Childhood Disadvantage Affects Brain Connectivity

Summary: Functional connectivity was reduced within and between several brain networks in children raised in disadvantaged neighborhoods. Researchers say a positive home and school environment can mitigate some of the effects.

Source: Elsevier

Many socioeconomically disadvantaged children face poor cognitive and mental health outcomes, and researchers are working to determine the specific factors that link childhood conditions to those poor outcomes, including how they might shape brain circuitry.

In a new study, researchers have examined how “neighborhood disadvantage” can affect the developing brain, including the brain’s connectivity between regions.

The study appears in Biological Psychiatry: Cognitive Neuroscience and Neuroimaging.

Sarah Whittle, PhD, and Divyangana Rakesh, lead authors of the study, studied existing brain scans from 7,618 children aged 9-10 collected as part of the Adolescent Brain Cognitive Development (ABCD) Study.

Previous studies have identified differences in some brain regions in disadvantaged children, but the current study used magnetic resonance imaging (MRI) to measure functional connectivity, or how well different regions of the brain are connected with one another, at rest.

Rather than considering a single measure of status such as household income, the new study classified children according to neighborhood disadvantage, which encompasses multiple risk factors such as pollution, crime and access to lower-quality education and healthcare.

Dr. Whittle said the purpose of the study was to “inform us of the mechanisms through which disadvantage impacts children’s development and functioning.” The team also wanted to investigate the role of factors such as positive home and school environments that may help reduce the harmful effects of disadvantage.

Analysis of the brain scans revealed that, in children with higher scores reflecting greater disadvantage, functional connectivity was reduced both between and within several brain networks.

“Our findings suggest that growing up in a disadvantaged neighborhood indeed impacts the brain. Importantly, however, findings suggest that providing children with better home and school environments where they feel supported, receive positive feedback, and have opportunities to engage in different activities, can offset some of the negative effects of neighborhood disadvantage on children’s brain development,” Ms. Rakesh said.

This shows a little boy looking through a fence
Rather than considering a single measure of status such as household income, the new study classified children according to neighborhood disadvantage, which encompasses multiple risk factors such as pollution, crime and access to lower-quality education and healthcare. Image is in the public domain

The findings have policy implications in the context of designing interventions and policies targeted at youth and families exposed to disadvantage; they suggest a need to shift attention from a sole focus on family-level factors to community-level research and policies.

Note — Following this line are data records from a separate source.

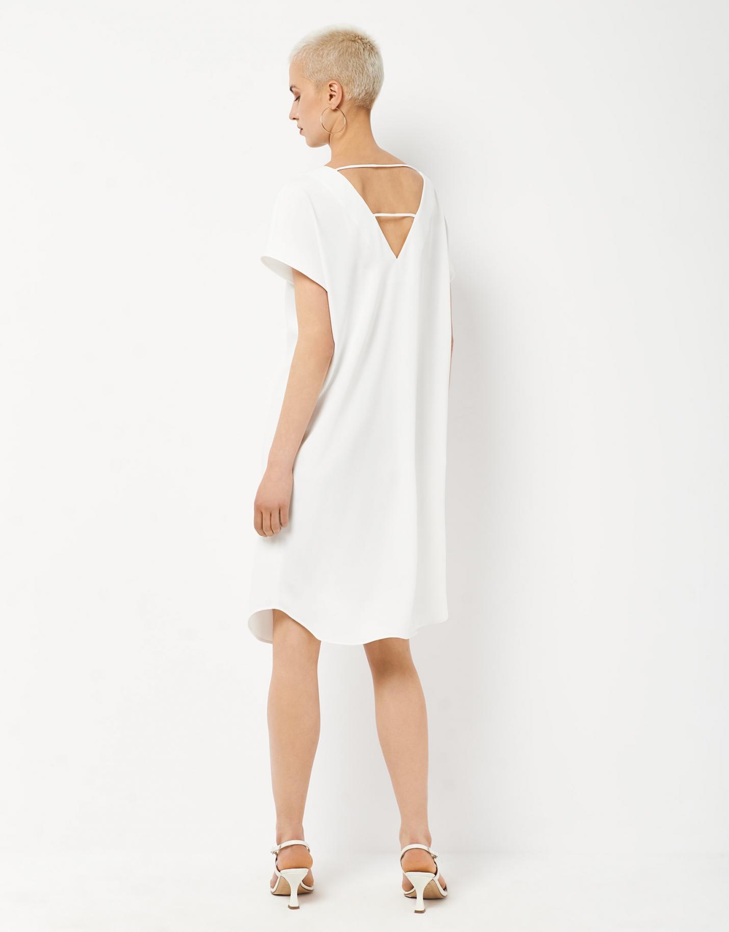 Vestidos Roberto Verino | Vestido Midi Holgado Blanco Con Motivo Floral En Pecho Mujer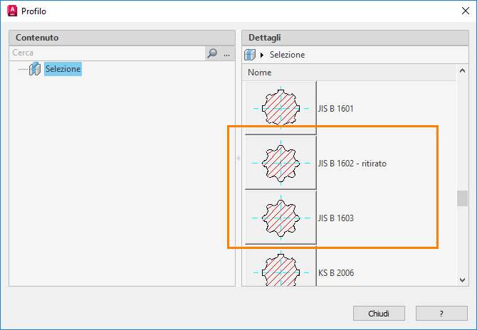 Il nuovo standard JIS B 1603 sostituisce JIS B 1602 nel Set di strumenti AutoCAD Mechanical 2024.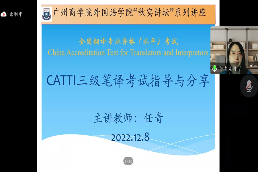 为进一步服务我校学子考级考证,开展“我为群众办实事”实践活动,我院教工第一党支部联合院学生会于12月8日下午,通过腾讯平台开展2022年“秋实讲坛”系列讲座之CATTI三级笔译分享交流会。本次交流会由我院商务英语系“双师双能型”教师任青和我院第一党支部组织委员、商务英语系专任教师张珊主讲,教工第一党支部书记何瑞玉、教工第一党支部宣传委员朱渺以及我院200多名学生积极参与到此次讲座中。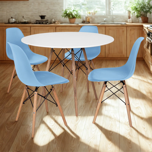 A Mesa Eiffel 90cm branca com 4 Cadeiras Charles Eames é perfeita para quem busca sofisticação e modernidade. Seu design contemporâneo adiciona charme e personalidade à sala de jantar, cozinha, home office ou quarto, elevando o estilo de qualquer cômodo.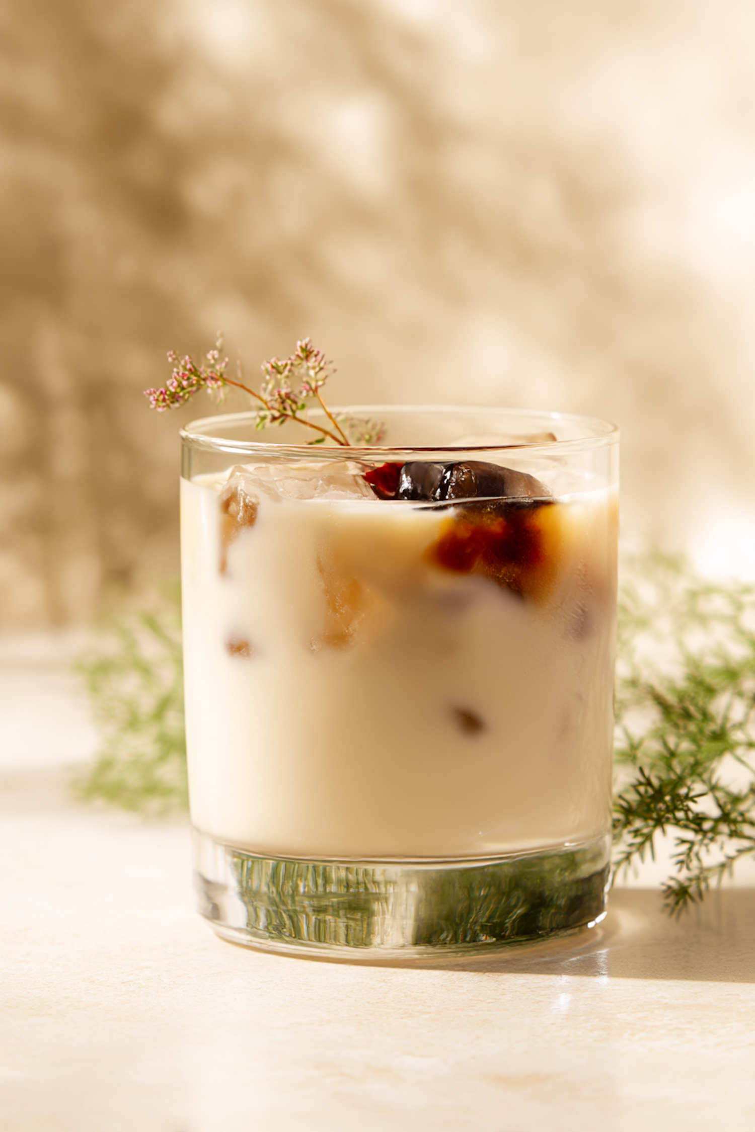A creamy iced drink in a glass, garnished with a floral sprig, set against a warm, blurred background for a refreshing aesthetic.

Cameron Carter, MD, Editor of Biological Psychiatry: Cognitive Neuroscience and Neuroimaging, said of the study, “These remarkable results show that improvements in the home and school environments can mitigate against the otherwise deleterious effects of growing up in a disadvantaged setting, providing a powerful message for the importance of public policies that provide more support at home and at school.”

About this neurodevelopment research news

Source: Elsevier
Contact: Rhiannon Bugno – Elsevier
Image: The image is in the public domain

Original Research: Closed access.
Associations between neighborhood disadvantage, resting-state functional connectivity, and behavior in the Adolescent Brain Cognitive Development (ABCD) Study: Moderating role of positive family and school environments” by Sarah Whittle et al. Biological Psychiatry: Cognitive Neuroscience and Neuroimaging


Abstract

Associations between neighborhood disadvantage, resting-state functional connectivity, and behavior in the Adolescent Brain Cognitive Development (ABCD) Study: Moderating role of positive family and school environments

Objective

Neighborhood disadvantage has consistently been associated with mental health and cognitive function, in addition to alterations in brain function and connectivity. However, positive environmental influences may buffer these effects. The aim of the present study was to examine the association between neighborhood disadvantage and resting-state functional connectivity (rsFC), the moderating role of positive parenting and school environment, and relationships between disadvantage-associated rsFC patterns and mental health and cognition.

Methods

In this pre-registered study, we tested this hypothesis in a large sample of 7618 children (aged 9-10 years) from the Adolescent Brain Cognitive Development (ABCD) Study. Specifically, we analyzed the relationship between neighborhood disadvantage and system-level FC. We also tested whether positive family and school environmental factors, and sex, moderated effects. Finally, we investigated multivariate relationships between disadvantage-associated rsFC patterns and cognition and mental health.

Results

Disadvantage was associated with widespread alterations in FC across both higher-order (e.g., default mode network and dorsal attention network) and sensorimotor functional systems; some of which were moderated by positive environments. Implicated connections showed multivariate associations with behavior, whereby disadvantage-associated rsFC was generally associated with worse cognition and mental health. Disadvantage-associated connections also predicted variation in cognitive scores using machine learning models.

Conclusions

Our findings shed light on potential mechanisms (i.e., alteration of neural circuitry) through which neighborhood disadvantage may affect youth cognition and mental wellbeing. This work highlights the importance of positive family and school environments in mitigating some of these effects.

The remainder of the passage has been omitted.